» What needs to be done:
Leaving out every picture, please repeat exactly the line that contains "内臓疾患由来の口臭は、特定の" and each line after it through the final line below.

» Records for this task:
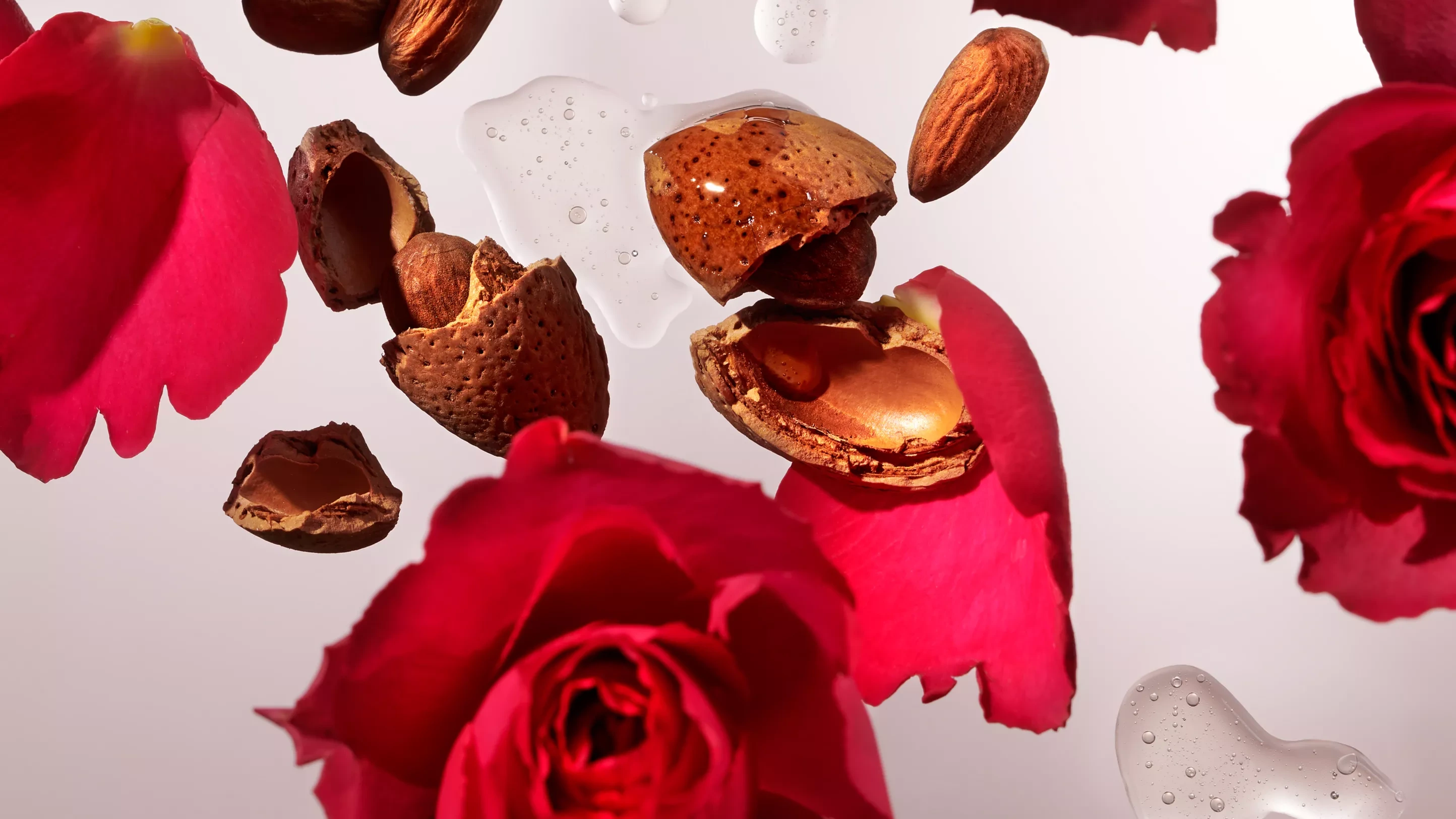 Voda, Sodium Laureth Sulfate, Glycerin, Cocamidopropyl Betaine, Prunus Amygdalus Dulcis Oil, Rosa Damascena Flower Extract, Glycereth-2 Cocoate, C12-13 Alkyl Lactate, C12-13 Alcohols, Betaine, Polysorbate 20, chlorid sodný, glyceryl oleát, kokos-glukosid, tokoferol, hydrogenované palmové glyceridy citrát, propylenglykol, parfém, hexylcinnamal, limonen, linalyl acetát, linalool, kumarin, olej z kôry Citrus Aurantium, acetyl cedren, benzoát sodný, sorbát draselný, kyselina citrónová, kyselina mliečna.
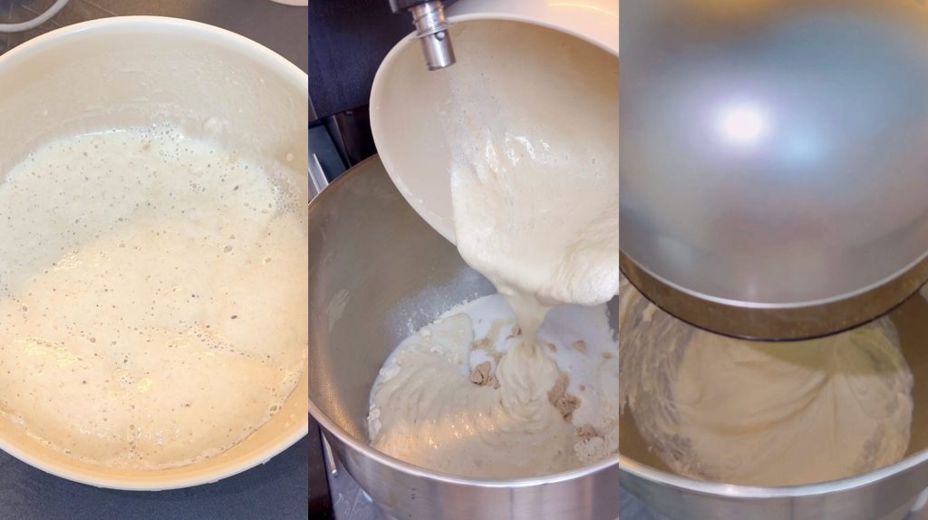 Cuando el prefermento está listo, pongo en un bol la harina, el azúcar, la leche y la levadura restante.
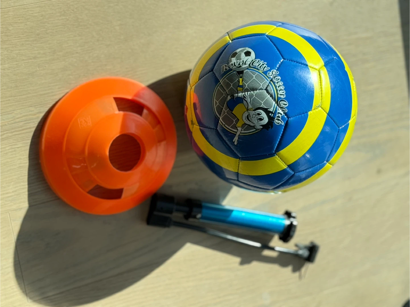 Selling a Royal City Soccer Club ball, 4 orange cones and blue air pump.
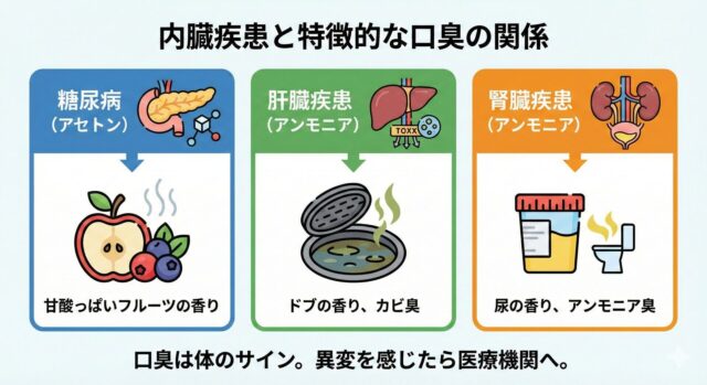 内臓疾患由来の口臭は、特定の代謝物が呼気に混じることで発生するため、それぞれ特徴的な匂いを持ちます。口臭でわかる体の異変?糖尿病、肝臓病…全身疾患が口臭に与える影響
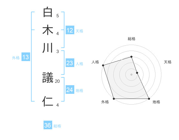 白木川 議仁さんを姓名の画数から五運を鑑定

» Worked solution:
 内臓疾患由来の口臭は、特定の代謝物が呼気に混じることで発生するため、それぞれ特徴的な匂いを持ちます。口臭でわかる体の異変?糖尿病、肝臓病…全身疾患が口臭に与える影響
 白木川 議仁さんを姓名の画数から五運を鑑定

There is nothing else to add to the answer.